» The data
· · ·
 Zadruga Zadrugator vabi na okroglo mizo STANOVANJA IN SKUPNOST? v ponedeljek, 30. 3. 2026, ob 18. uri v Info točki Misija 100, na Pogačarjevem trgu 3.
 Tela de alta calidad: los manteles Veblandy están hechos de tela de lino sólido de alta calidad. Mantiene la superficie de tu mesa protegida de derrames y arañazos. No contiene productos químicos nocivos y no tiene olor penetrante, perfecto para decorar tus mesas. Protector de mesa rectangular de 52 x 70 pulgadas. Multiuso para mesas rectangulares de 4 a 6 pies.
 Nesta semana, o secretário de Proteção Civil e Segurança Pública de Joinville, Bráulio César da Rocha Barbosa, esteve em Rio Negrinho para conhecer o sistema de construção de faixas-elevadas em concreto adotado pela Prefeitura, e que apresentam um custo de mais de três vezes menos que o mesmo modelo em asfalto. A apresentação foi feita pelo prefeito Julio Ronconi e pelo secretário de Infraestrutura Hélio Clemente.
· · ·
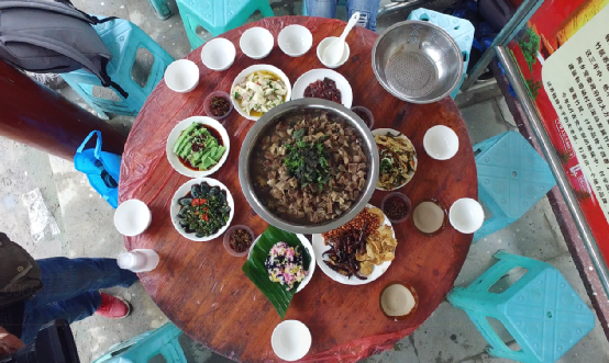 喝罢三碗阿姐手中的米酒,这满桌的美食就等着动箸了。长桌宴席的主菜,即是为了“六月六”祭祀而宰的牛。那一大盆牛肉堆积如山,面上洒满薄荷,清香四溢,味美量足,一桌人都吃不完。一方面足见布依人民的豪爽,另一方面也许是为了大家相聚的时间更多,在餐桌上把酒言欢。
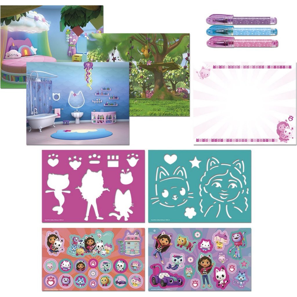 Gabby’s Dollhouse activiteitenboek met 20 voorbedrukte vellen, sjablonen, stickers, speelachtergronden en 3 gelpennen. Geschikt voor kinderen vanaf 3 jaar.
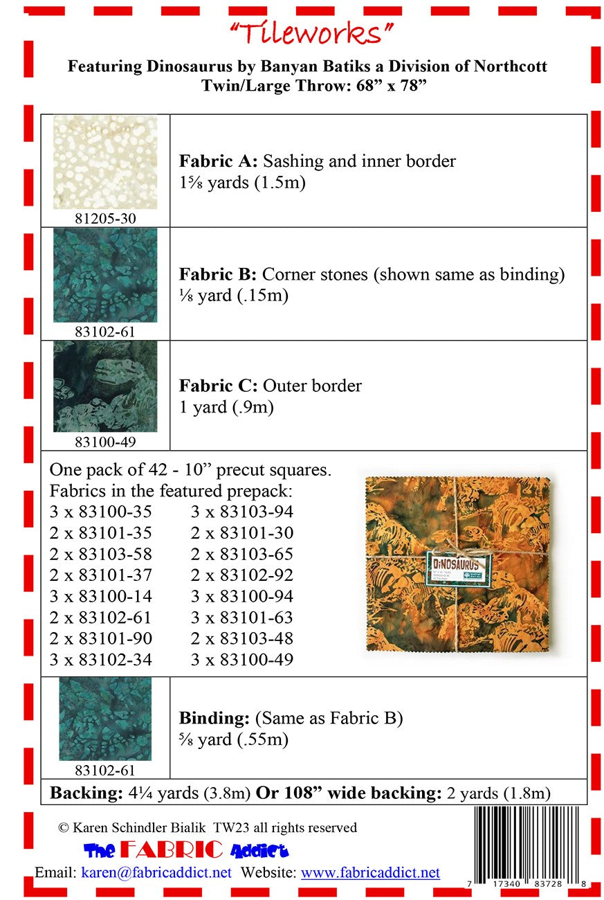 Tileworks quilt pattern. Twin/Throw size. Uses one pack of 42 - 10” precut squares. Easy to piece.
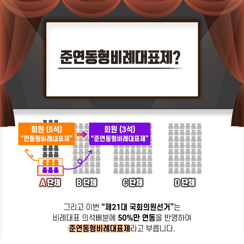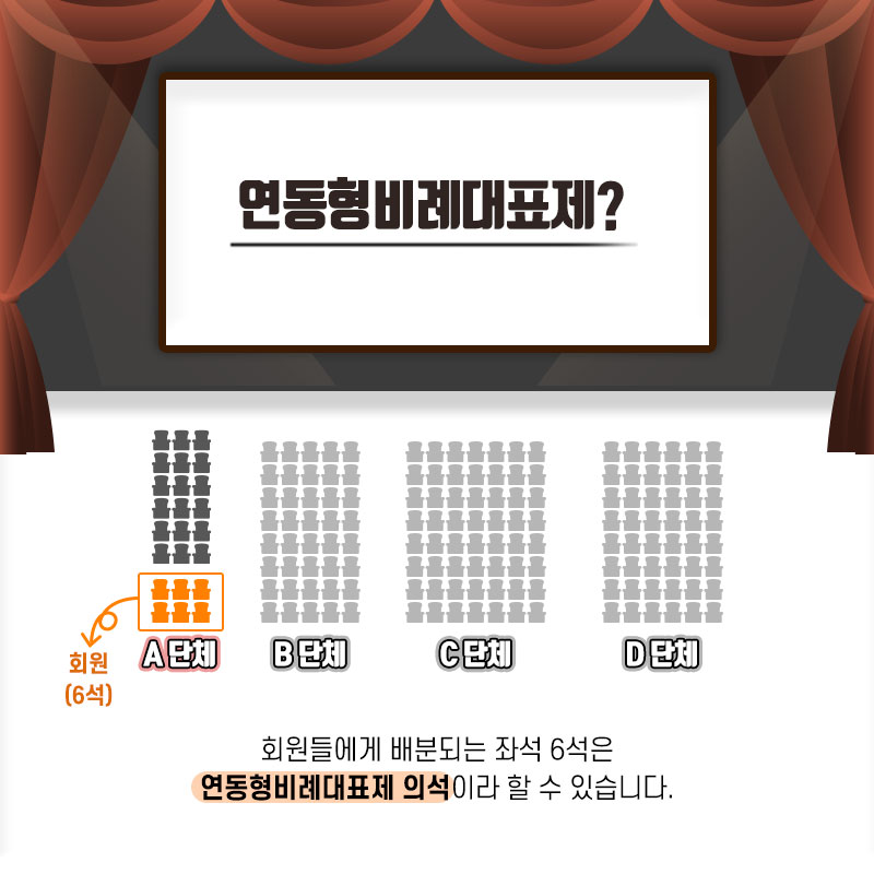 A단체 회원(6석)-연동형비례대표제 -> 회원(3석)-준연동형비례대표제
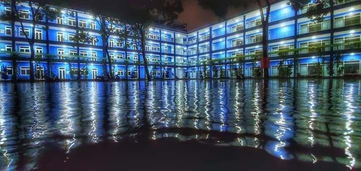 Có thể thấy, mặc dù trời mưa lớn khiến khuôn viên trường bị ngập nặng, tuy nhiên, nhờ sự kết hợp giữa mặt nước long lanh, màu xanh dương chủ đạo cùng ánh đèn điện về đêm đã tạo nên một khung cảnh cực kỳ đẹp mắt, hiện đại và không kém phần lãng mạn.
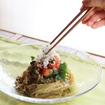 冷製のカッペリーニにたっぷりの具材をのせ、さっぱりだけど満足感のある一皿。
· · ·
» Exercise details
Beginning with the line above that has "喝罢三碗阿姐手中的米酒,这满" and going on through the line that has "冷製のカッペリーニにたっぷりの具材をのせ、さっぱりだけど満足感のある一皿。", retype every line exactly and add nothing else; drop the pictures.

» Solution
 喝罢三碗阿姐手中的米酒,这满桌的美食就等着动箸了。长桌宴席的主菜,即是为了“六月六”祭祀而宰的牛。那一大盆牛肉堆积如山,面上洒满薄荷,清香四溢,味美量足,一桌人都吃不完。一方面足见布依人民的豪爽,另一方面也许是为了大家相聚的时间更多,在餐桌上把酒言欢。
 Gabby’s Dollhouse activiteitenboek met 20 voorbedrukte vellen, sjablonen, stickers, speelachtergronden en 3 gelpennen. Geschikt voor kinderen vanaf 3 jaar.
 Tileworks quilt pattern. Twin/Throw size. Uses one pack of 42 - 10” precut squares. Easy to piece.
 A단체 회원(6석)-연동형비례대표제 -> 회원(3석)-준연동형비례대표제
 Có thể thấy, mặc dù trời mưa lớn khiến khuôn viên trường bị ngập nặng, tuy nhiên, nhờ sự kết hợp giữa mặt nước long lanh, màu xanh dương chủ đạo cùng ánh đèn điện về đêm đã tạo nên một khung cảnh cực kỳ đẹp mắt, hiện đại và không kém phần lãng mạn.
 冷製のカッペリーニにたっぷりの具材をのせ、さっぱりだけど満足感のある一皿。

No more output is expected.